Recorded data
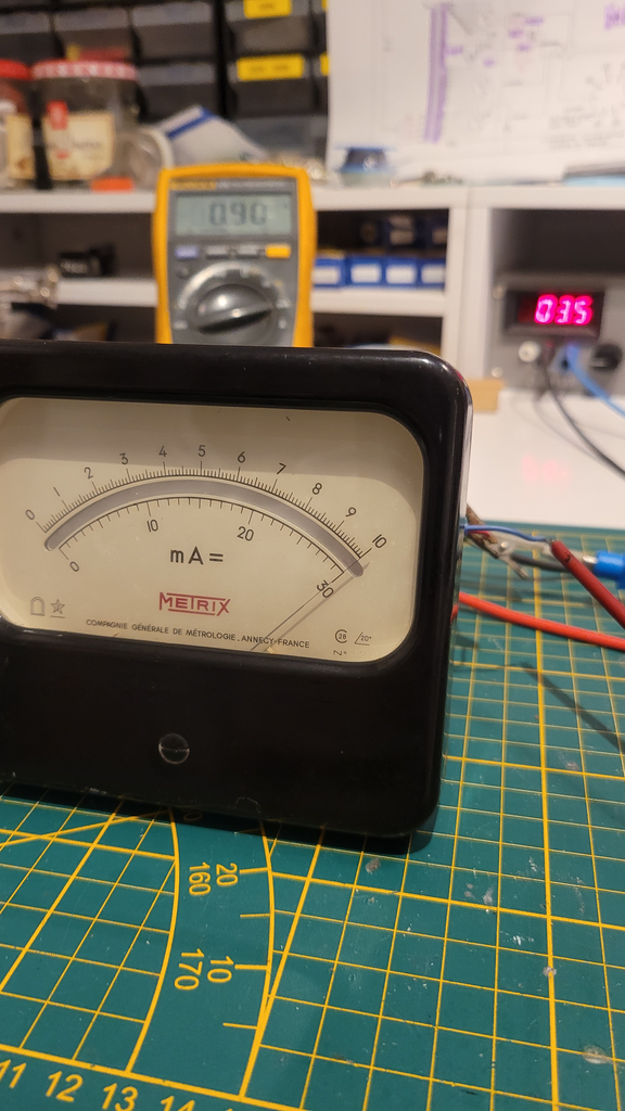 Il me reste une chose à vérifier, c'est R10 qui est en série avec le galvanomètre. Elle fait 15.6 ohms alors qu'elle devrait faire plus en 30 et 40 ohms normalement. C'est une résistance bobinée avec du fil résistif, les autres sur le même principe sont encore bonnes, donc y'a pas de raison, mais je vais vérifier avec le galva en série si on a bien nos 50 ohms.
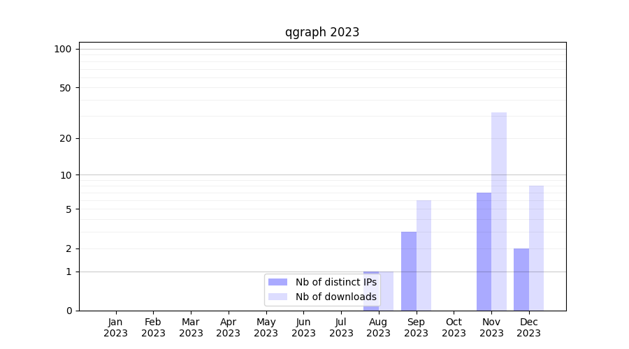 Number of downloads for workflow package qgraph, year by year, from 2025 back to 2015 (years with no downloads are omitted):
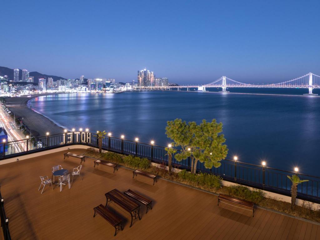 부대 시설로는 라운지와 비즈니스 코너, 루프탑 테라스를 갖췄다. 가장 핫플레이스는 바로 루프탑! 탁 트인 광안대교 전망은 물론이고 밤에는 인스타 감성 넘치는 조명으로 사진 찍기 좋다.
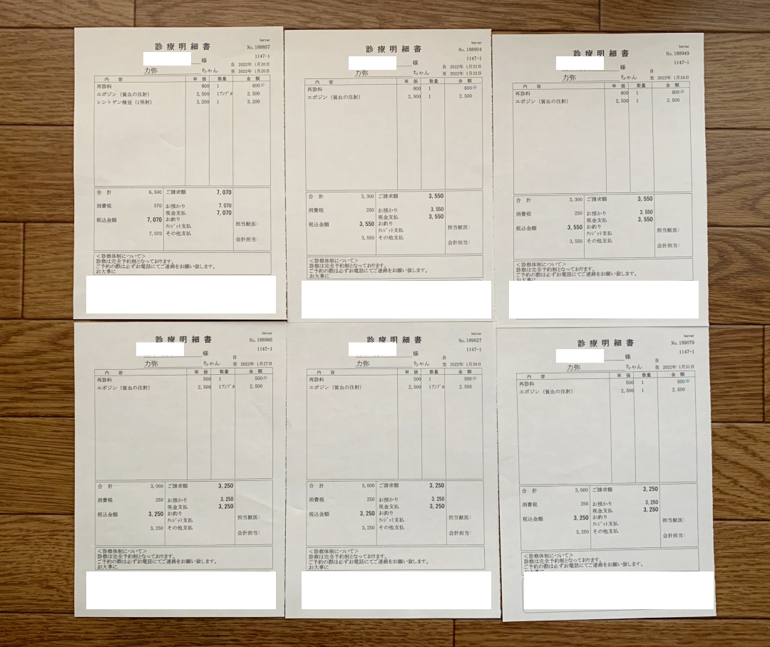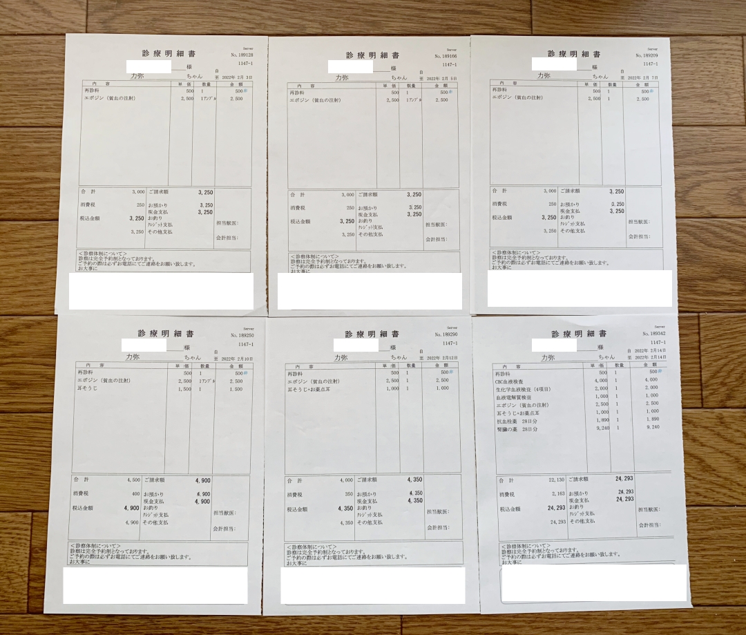 貧血が進行していたので、週3の注射が始まります。
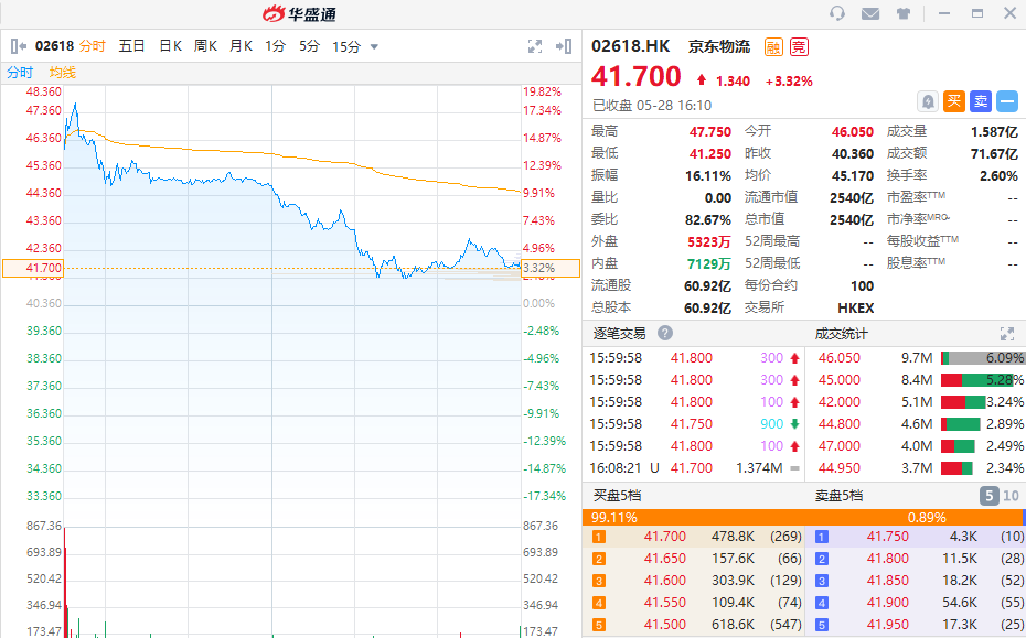 京东物流(02618)上市首日收涨3.32%,每股定价40.36港元
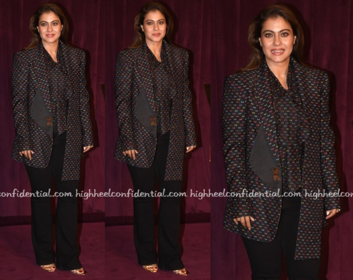 Kajol lent her support to Manish Malhotra at the launch of his store wearing a printed blazer from his diffuse line with boot cut jeans. She didn’t look bad but the jacket itself was too long on her as were the sleeves.
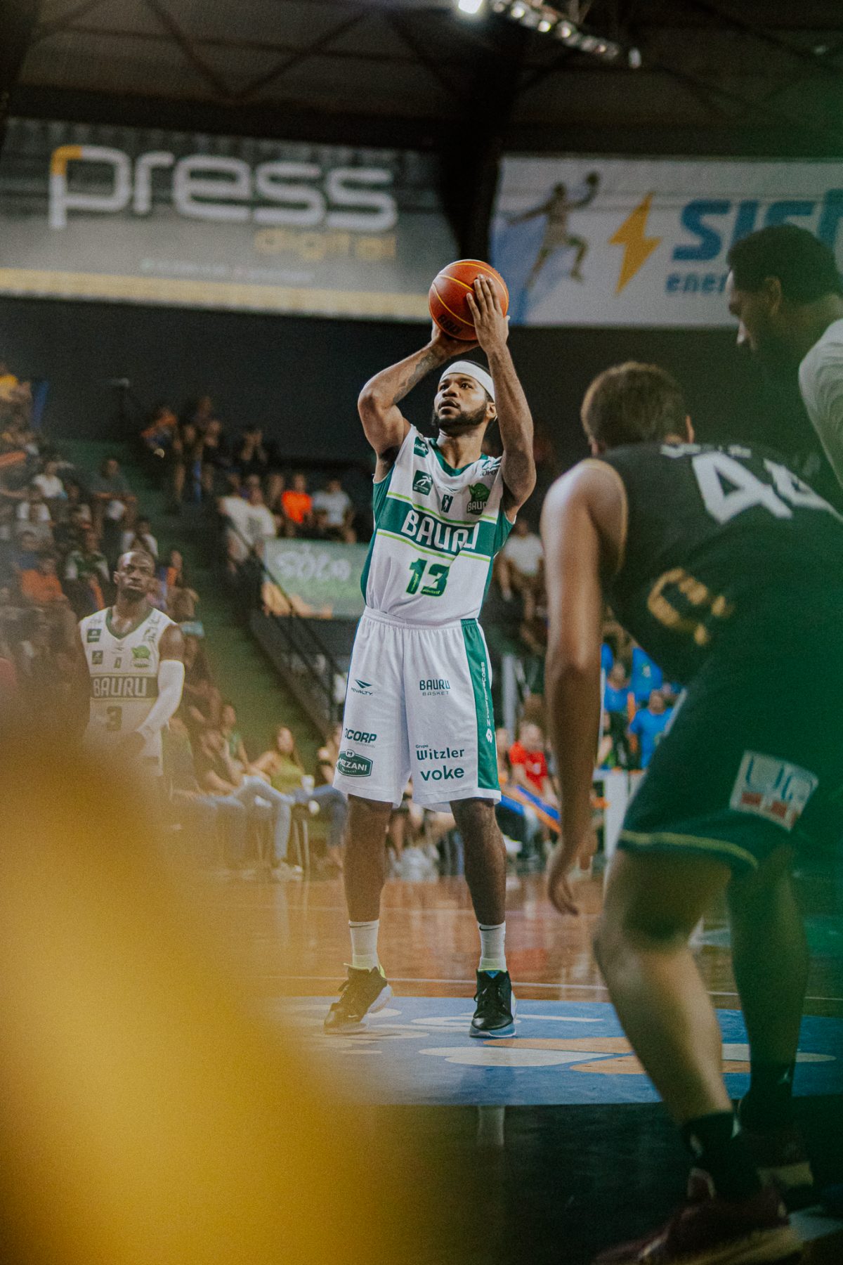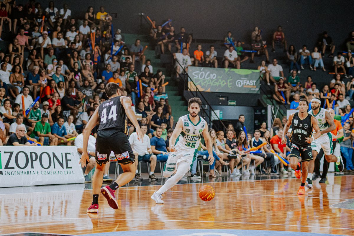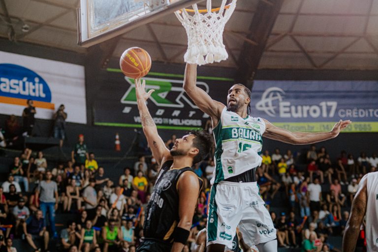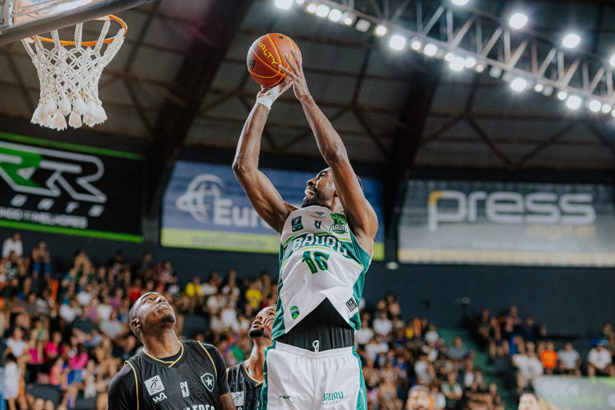 Bauru pega rebote ofensivo.

Prompt:
Please make an exact copy of the records, leaving out any picture.

Response for this exercise:
 Il me reste une chose à vérifier, c'est R10 qui est en série avec le galvanomètre. Elle fait 15.6 ohms alors qu'elle devrait faire plus en 30 et 40 ohms normalement. C'est une résistance bobinée avec du fil résistif, les autres sur le même principe sont encore bonnes, donc y'a pas de raison, mais je vais vérifier avec le galva en série si on a bien nos 50 ohms.
 Number of downloads for workflow package qgraph, year by year, from 2025 back to 2015 (years with no downloads are omitted):
 부대 시설로는 라운지와 비즈니스 코너, 루프탑 테라스를 갖췄다. 가장 핫플레이스는 바로 루프탑! 탁 트인 광안대교 전망은 물론이고 밤에는 인스타 감성 넘치는 조명으로 사진 찍기 좋다.
 貧血が進行していたので、週3の注射が始まります。
 京东物流(02618)上市首日收涨3.32%,每股定价40.36港元
 Kajol lent her support to Manish Malhotra at the launch of his store wearing a printed blazer from his diffuse line with boot cut jeans. She didn’t look bad but the jacket itself was too long on her as were the sleeves.
 Bauru pega rebote ofensivo.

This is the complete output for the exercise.